(Stored records)
########################################

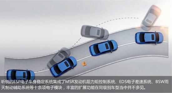 昕锐ESP系统集成的多项功能为雨天行车提供了可靠的保障:MSR发动机阻力矩控制功能可在驾驶员突然松开油门或者发动机高转速下减挡时自动介入,避免前轮打滑;在湿滑路面起步时,EDS电子差速功能将自动对驱动轮施加制动,以防止驱动轮打滑;而BSW雨天制动辅助功能则可在雨天自动清除制动盘上的水珠,保证车辆制动效果。
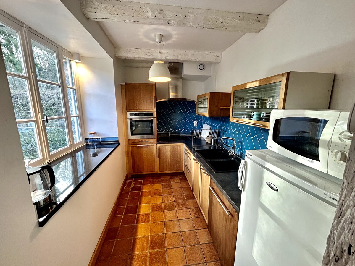 Charming Breton countryside house, formerly a cider house, located next to Rennes's state forest. Perfect for enjoying nature while staying close to the city. Independent cottage separate from the main house with a private entrance for vehicles. Opposite a pony club and an organic farm. 7 mins from the ring road and 20 minutes from Rennes city center. 6 minutes from the train station, supermarkets, and shops in Betton. Fougères Castle: 30 mins. Mont Saint-Michel: 50 mins. Saint-Malo: 60 mins.
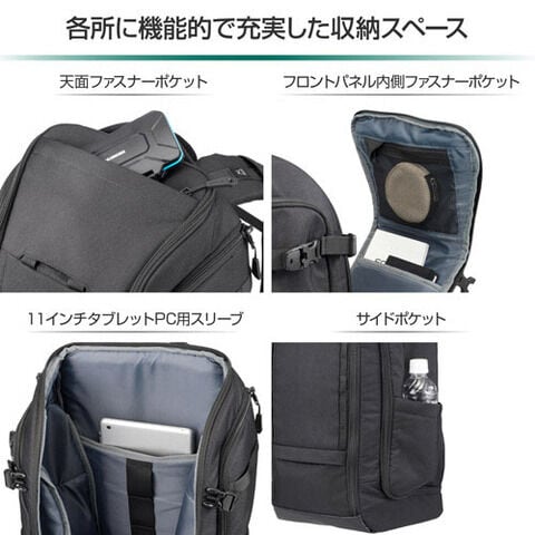 内部背面側には11インチ程度のタブレットPC用スリーブがあり、バッグ両側面には、ドリンクボトルなどが収納でき、
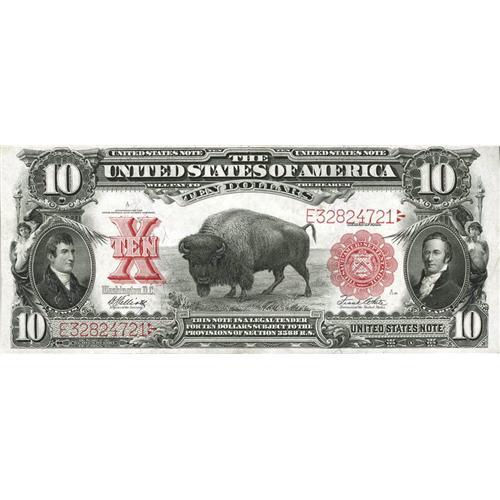 <B>Fr. 121 $10 1901 Mule Legal Tender Choice About New.</B></I> A slight bend in the paper is the only grade limiting factor on this otherwise perfectly original and most pleasing Bison. The paper originality is second to none and the embossing is bold. We are certain this note will garner the attention and money of a fully New note.
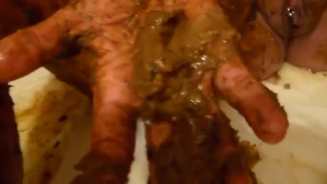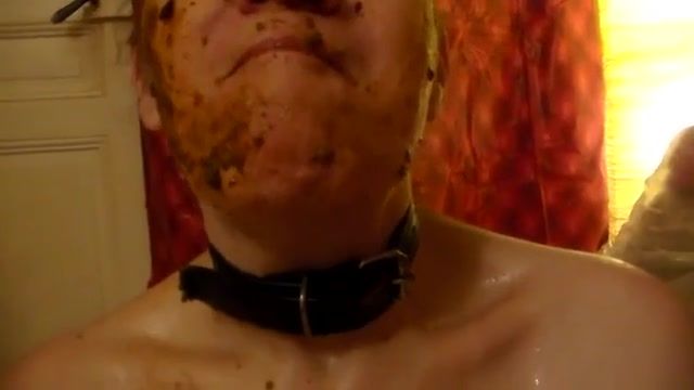Slutty girl forced to eat a big pile of shit without gagging. Her dominant boyfriend is watching and jerking off.
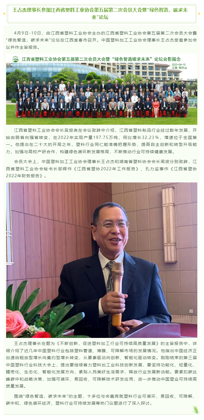 王占杰理事长参加江西省塑料工业协会第五届第二次会员大会暨“绿色智造,碳求未来”论坛
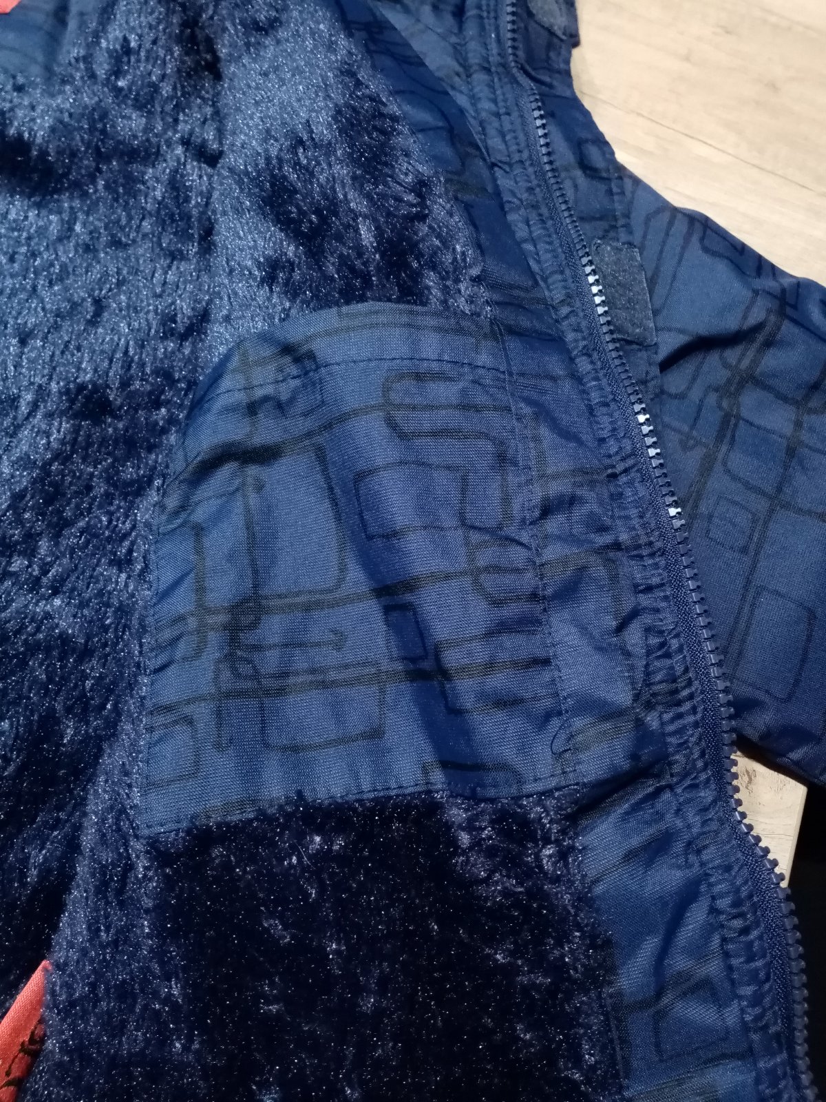 Přechodová bunda , spíše na mírnou zimu ,velikost uvedena 5-6 let, materiál 100%polyester,vyteplená vatelínem a podšívka 100%polyester,,kapuce odepínací, kapsy, rukávy a spodek do gumy reflexní prv...
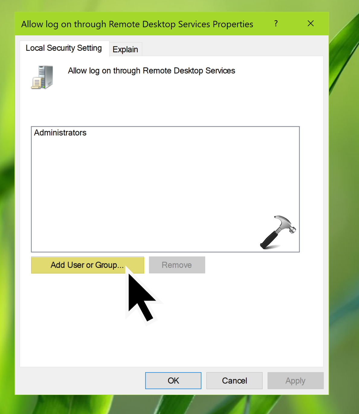 4. Por fim, clique em Adicionar usuário ou grupo e certifique-se de adicionar aqui o usuário/máquina que está enfrentando esse problema. Quando terminar, clique em Aplicar, OK.
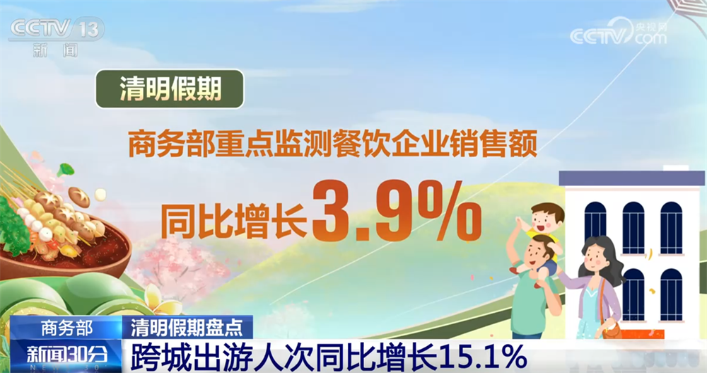 商务部商务大数据显示,清明假期,全国重点零售和餐饮企业日均销售额同比增长2.4%,商务部重点监测的78个步行街(商圈)客流量、营业额分别增长6.0%、6.7%。
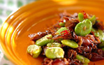旬を味わうコンビネーション! ソラ豆とホタルイカのペペロンチーノ
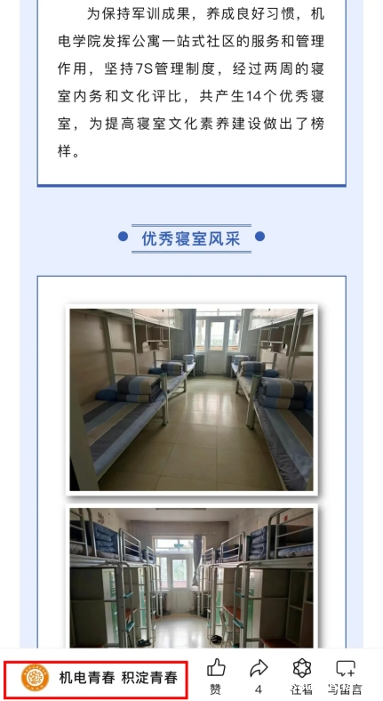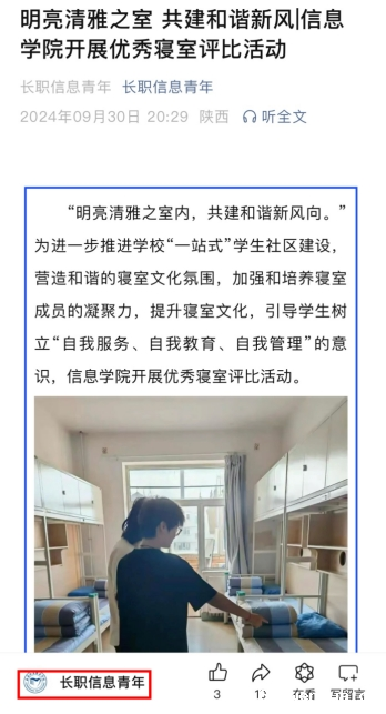 为发挥学生公寓育人功效,深化“一站式”学生社区综合管理模式,使新生同学更加快速的融入大学寝室生活,培养学生养成良好的生活习惯,合理安排作息时间,落细落实“7S”内容,延续军训验收成果,各学院结合新生入学教育系列活动及新生军训内务卫生评比等活动,组织新生全方位进行了寝室文化建设评比活动,下面让我们来一起见证一下萌新们的第一次成功蜕变吧:
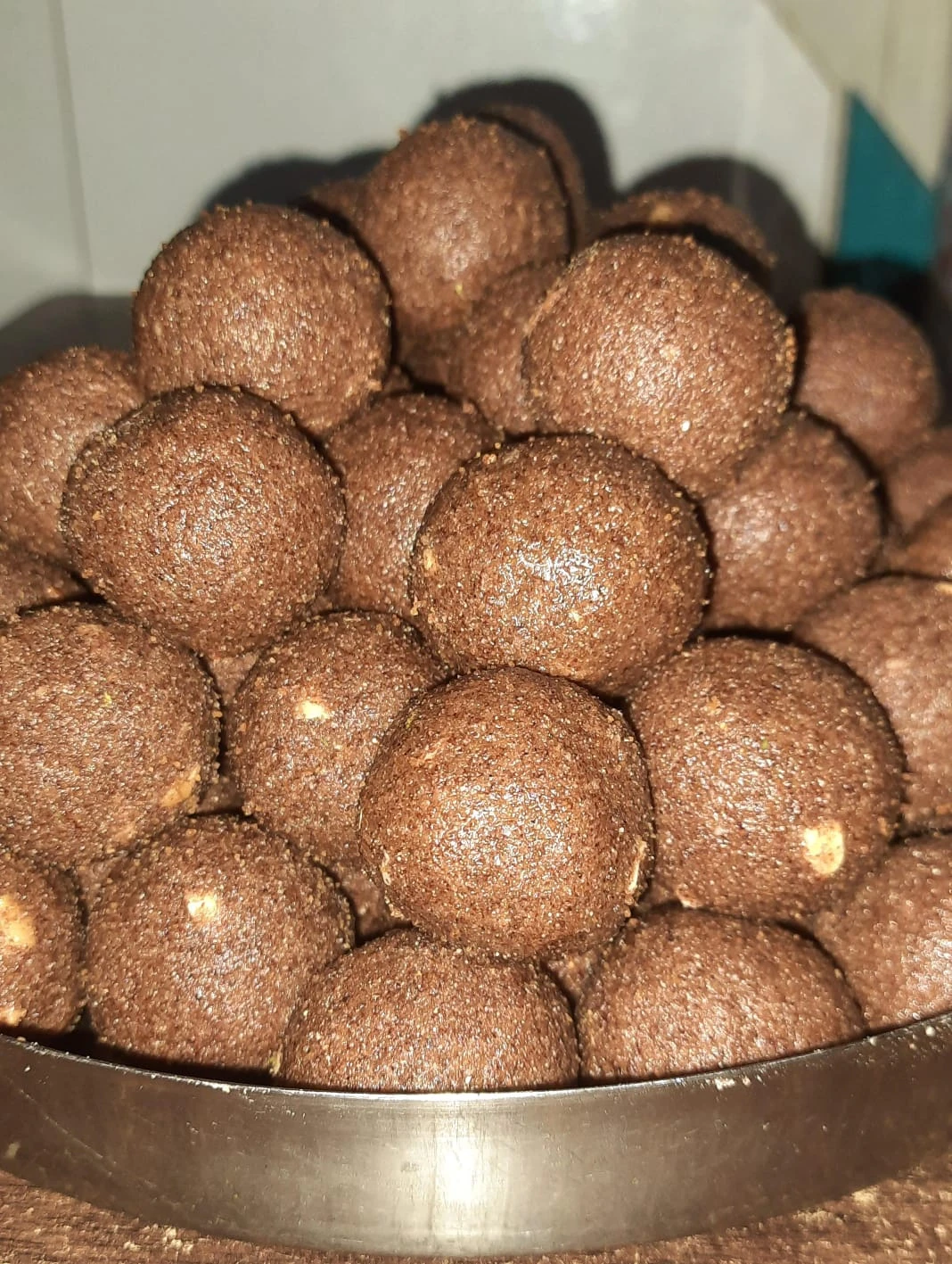 Nachni Laddu, also known as Ragi Laddu, is a nutritious Indian sweet treat made primarily from ragi (finger millet) flour, jaggery, and ghee, often with added dry fruits and seeds like coconut, dates, and sesame. This spherical, gluten-free delicacy is a rich source of calcium, iron, fiber, and other essential vitamins and minerals, making it a healthy snack for all age groups, known for promoting digestion, bone strength, and energy.
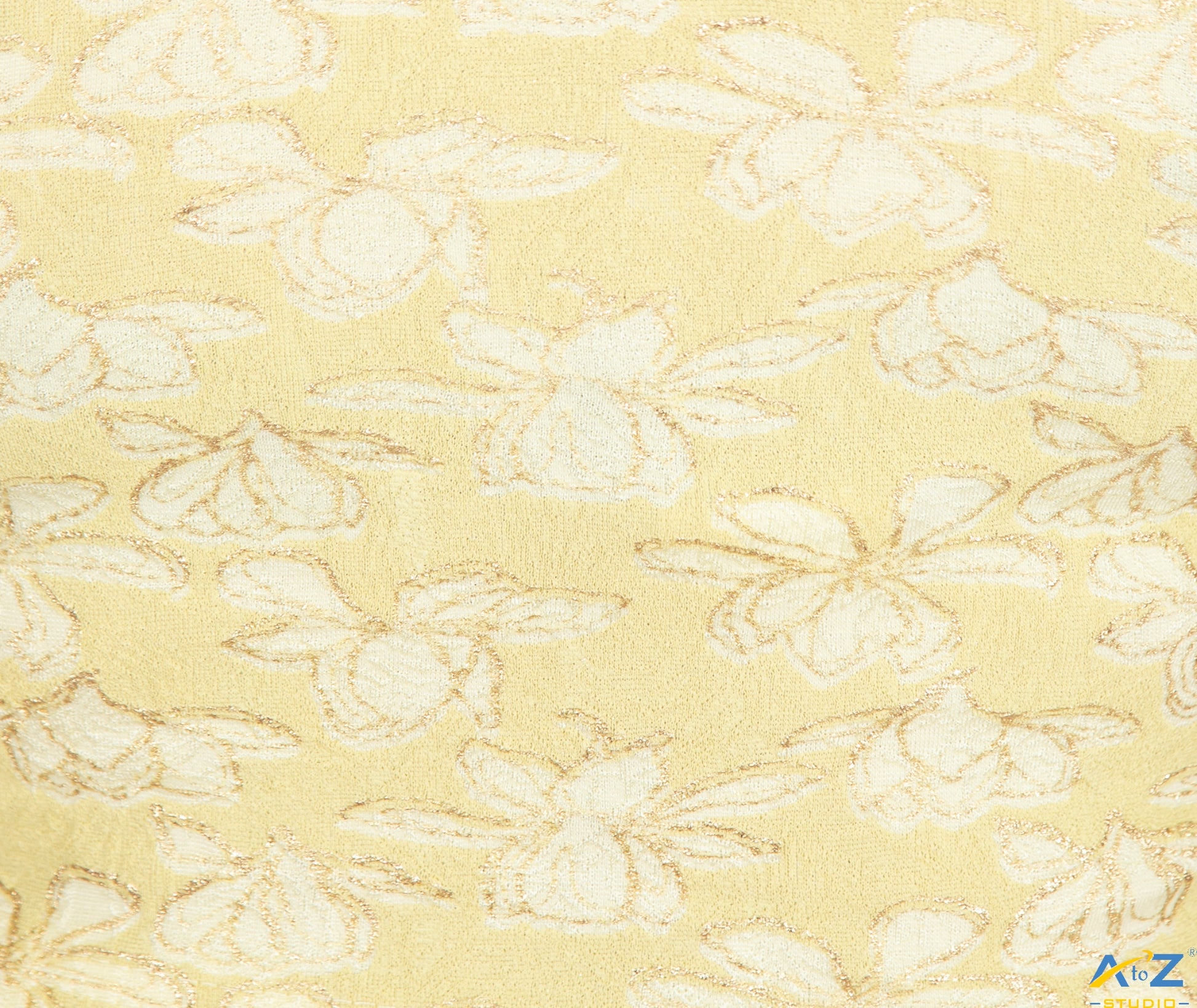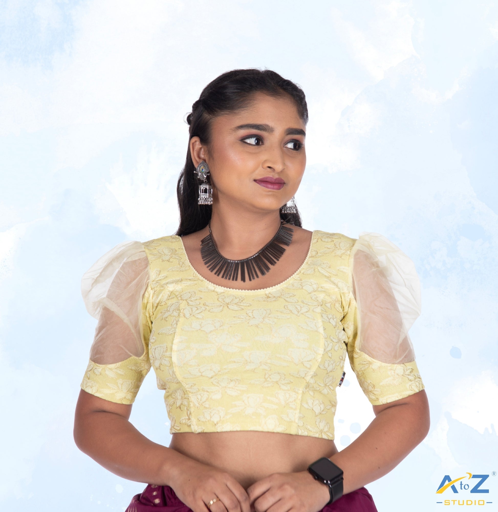 This lemon cotton lycra blouse features elbow balloon sleeves, a round neck, and a trendy lotus print design. Fresh and versatile.

########################################

PROMPT
Omit the pictures; set down each record exactly.

RESULT OF THE TASK
 昕锐ESP系统集成的多项功能为雨天行车提供了可靠的保障:MSR发动机阻力矩控制功能可在驾驶员突然松开油门或者发动机高转速下减挡时自动介入,避免前轮打滑;在湿滑路面起步时,EDS电子差速功能将自动对驱动轮施加制动,以防止驱动轮打滑;而BSW雨天制动辅助功能则可在雨天自动清除制动盘上的水珠,保证车辆制动效果。
 Charming Breton countryside house, formerly a cider house, located next to Rennes's state forest. Perfect for enjoying nature while staying close to the city. Independent cottage separate from the main house with a private entrance for vehicles. Opposite a pony club and an organic farm. 7 mins from the ring road and 20 minutes from Rennes city center. 6 minutes from the train station, supermarkets, and shops in Betton. Fougères Castle: 30 mins. Mont Saint-Michel: 50 mins. Saint-Malo: 60 mins.
 内部背面側には11インチ程度のタブレットPC用スリーブがあり、バッグ両側面には、ドリンクボトルなどが収納でき、
 <B>Fr. 121 $10 1901 Mule Legal Tender Choice About New.</B></I> A slight bend in the paper is the only grade limiting factor on this otherwise perfectly original and most pleasing Bison. The paper originality is second to none and the embossing is bold. We are certain this note will garner the attention and money of a fully New note.
Slutty girl forced to eat a big pile of shit without gagging. Her dominant boyfriend is watching and jerking off.
 王占杰理事长参加江西省塑料工业协会第五届第二次会员大会暨“绿色智造,碳求未来”论坛
 Přechodová bunda , spíše na mírnou zimu ,velikost uvedena 5-6 let, materiál 100%polyester,vyteplená vatelínem a podšívka 100%polyester,,kapuce odepínací, kapsy, rukávy a spodek do gumy reflexní prv...
 4. Por fim, clique em Adicionar usuário ou grupo e certifique-se de adicionar aqui o usuário/máquina que está enfrentando esse problema. Quando terminar, clique em Aplicar, OK.
 商务部商务大数据显示,清明假期,全国重点零售和餐饮企业日均销售额同比增长2.4%,商务部重点监测的78个步行街(商圈)客流量、营业额分别增长6.0%、6.7%。
旬を味わうコンビネーション! ソラ豆とホタルイカのペペロンチーノ
 为发挥学生公寓育人功效,深化“一站式”学生社区综合管理模式,使新生同学更加快速的融入大学寝室生活,培养学生养成良好的生活习惯,合理安排作息时间,落细落实“7S”内容,延续军训验收成果,各学院结合新生入学教育系列活动及新生军训内务卫生评比等活动,组织新生全方位进行了寝室文化建设评比活动,下面让我们来一起见证一下萌新们的第一次成功蜕变吧:
 Nachni Laddu, also known as Ragi Laddu, is a nutritious Indian sweet treat made primarily from ragi (finger millet) flour, jaggery, and ghee, often with added dry fruits and seeds like coconut, dates, and sesame. This spherical, gluten-free delicacy is a rich source of calcium, iron, fiber, and other essential vitamins and minerals, making it a healthy snack for all age groups, known for promoting digestion, bone strength, and energy.
 This lemon cotton lycra blouse features elbow balloon sleeves, a round neck, and a trendy lotus print design. Fresh and versatile.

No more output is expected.